• PROBLEM DETAILS
Copy out each entry below verbatim, skipping the images.

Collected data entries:
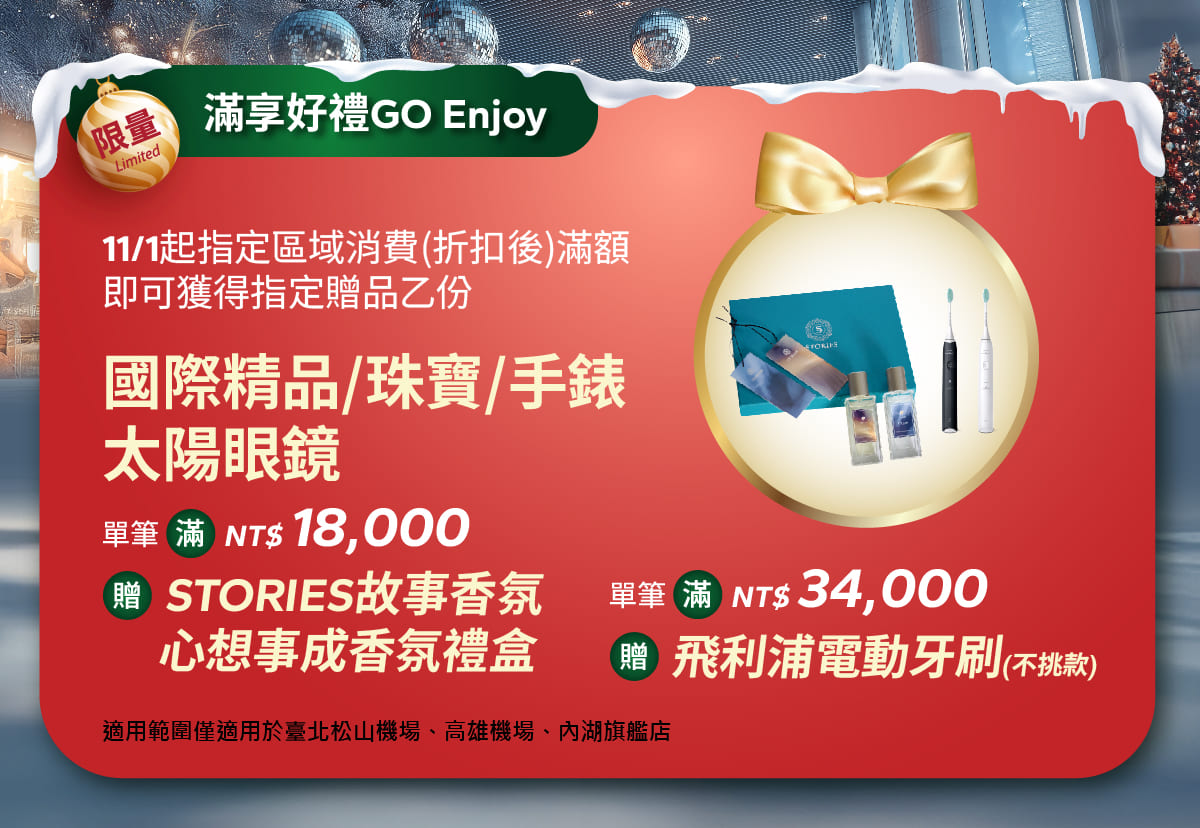 ※適用範圍僅適用於臺北松山機場、高雄機場、內湖旗艦店
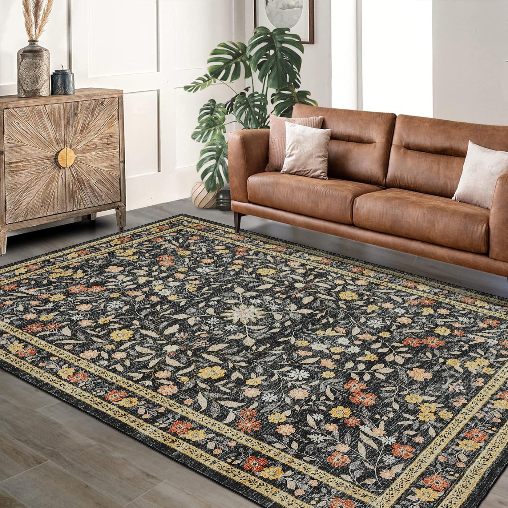 Floral Area Rugs for Living Room Washable Rug Non Slip Ultra Thin Boho Flower Indoor Floor Carpet
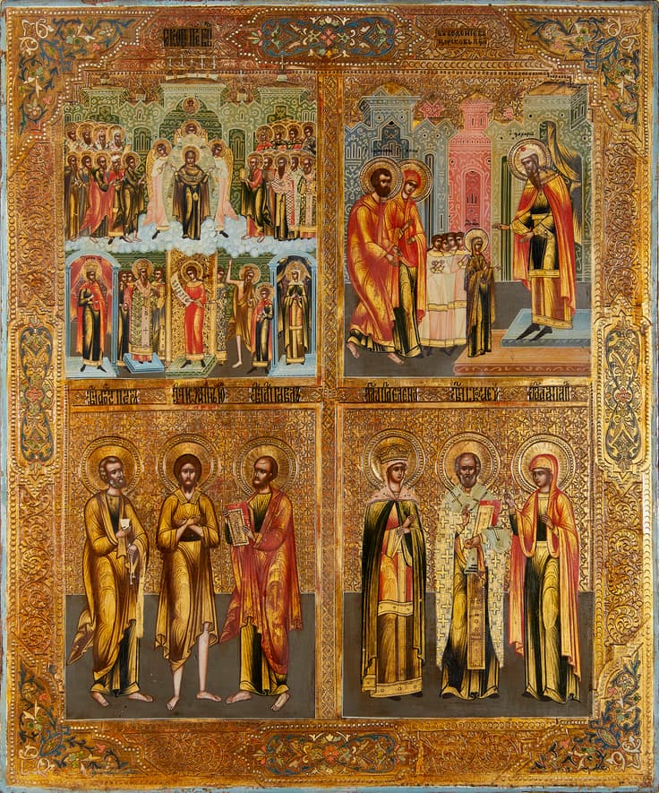 ICÔNE À QUATRE PARTIES ‘LE VOILE PROTECTEUR DE LA MÈRE DE DIEU’, ‘ENTRÉE AU TEMPLE DE LA MÈRE DE DIEU’, ‘SAINTS PIERRE, JEAN DE MOSCOU ET PAUL’, ‘SAINTS HÉLÈNE, NICHOLAS ET ANNA’
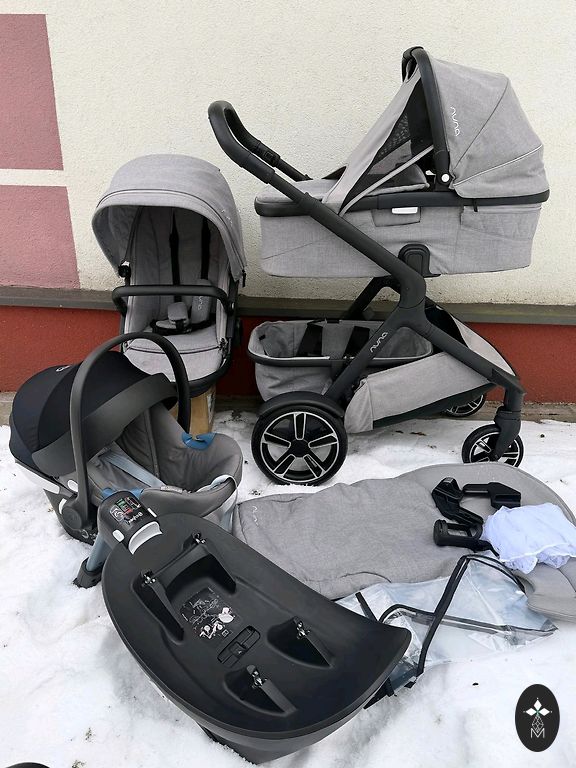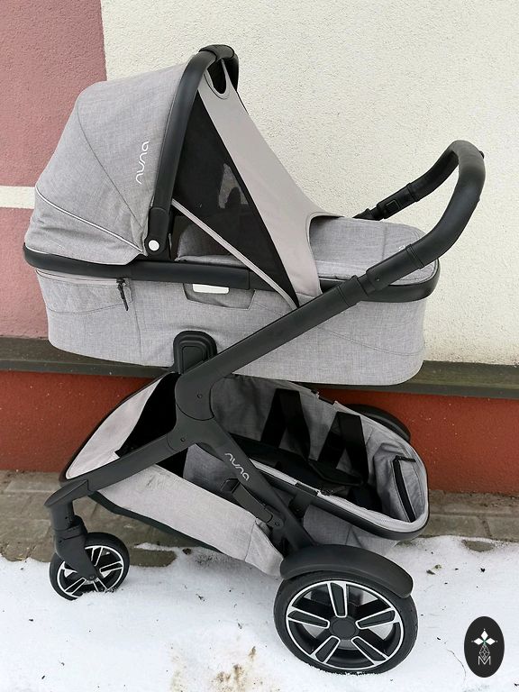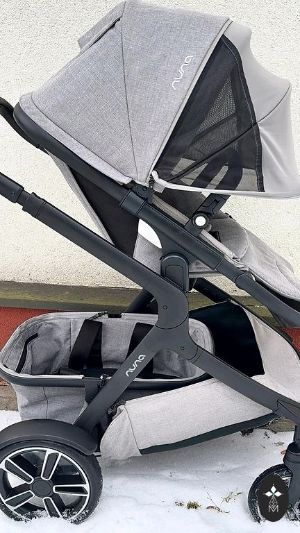 Very well-cushioned strollers, ideal for snow, sand, and forest. All-terrain, two parts, can be placed on both sides. On the downside - scratched frame.
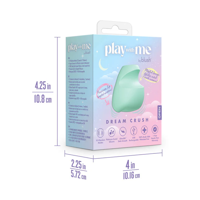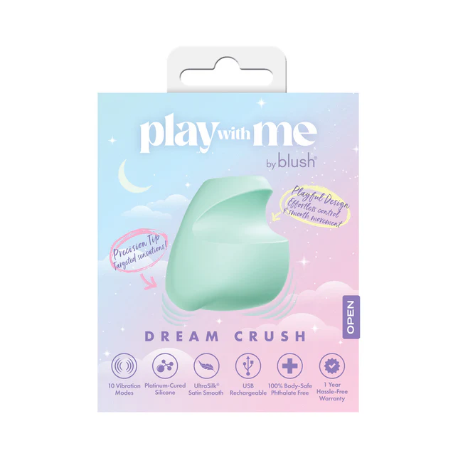 Meet Dream Crush, the irresistible vibe you’ll keep coming back to. Designed to ignite your deepest desires, this satin-smooth vibrator offers 10 captivating vibration modes, 3 speeds and 7 pulse patterns, that move effortlessly between subtle pulses and deep, breathtaking vibrations. Dream Crush’s sculpted finger grooves give you full control, letting you glide through each movement with precision and ease. Whether you’re building anticipation or surrendering to release, the precision tip delivers pulsing waves of stimulation exactly where you crave them most. Crafted from 100% body-safe liquid silicone, its satin smooth finish feels like a dream. IPX7 waterproof and USB rechargeable, Dream Crush is always ready to play, whether in the bath, bedroom, or anywhere your fantasies lead. Let your dream crush sweep you away into moments of pure indulgence.
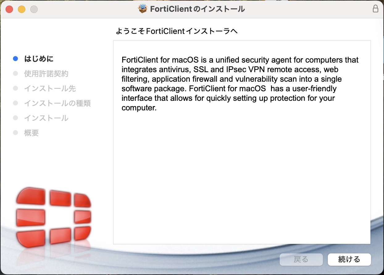 ※公式ページからのダウンロードはこちら - ダウンロードしたdmgファイルを開くと下記のような画面になります。「FortiClientInstaller」をクリックしてください。

• EXERCISE ANSWER
 ※適用範圍僅適用於臺北松山機場、高雄機場、內湖旗艦店
 Floral Area Rugs for Living Room Washable Rug Non Slip Ultra Thin Boho Flower Indoor Floor Carpet
 ICÔNE À QUATRE PARTIES ‘LE VOILE PROTECTEUR DE LA MÈRE DE DIEU’, ‘ENTRÉE AU TEMPLE DE LA MÈRE DE DIEU’, ‘SAINTS PIERRE, JEAN DE MOSCOU ET PAUL’, ‘SAINTS HÉLÈNE, NICHOLAS ET ANNA’
 Very well-cushioned strollers, ideal for snow, sand, and forest. All-terrain, two parts, can be placed on both sides. On the downside - scratched frame.
 Meet Dream Crush, the irresistible vibe you’ll keep coming back to. Designed to ignite your deepest desires, this satin-smooth vibrator offers 10 captivating vibration modes, 3 speeds and 7 pulse patterns, that move effortlessly between subtle pulses and deep, breathtaking vibrations. Dream Crush’s sculpted finger grooves give you full control, letting you glide through each movement with precision and ease. Whether you’re building anticipation or surrendering to release, the precision tip delivers pulsing waves of stimulation exactly where you crave them most. Crafted from 100% body-safe liquid silicone, its satin smooth finish feels like a dream. IPX7 waterproof and USB rechargeable, Dream Crush is always ready to play, whether in the bath, bedroom, or anywhere your fantasies lead. Let your dream crush sweep you away into moments of pure indulgence.
 ※公式ページからのダウンロードはこちら - ダウンロードしたdmgファイルを開くと下記のような画面になります。「FortiClientInstaller」をクリックしてください。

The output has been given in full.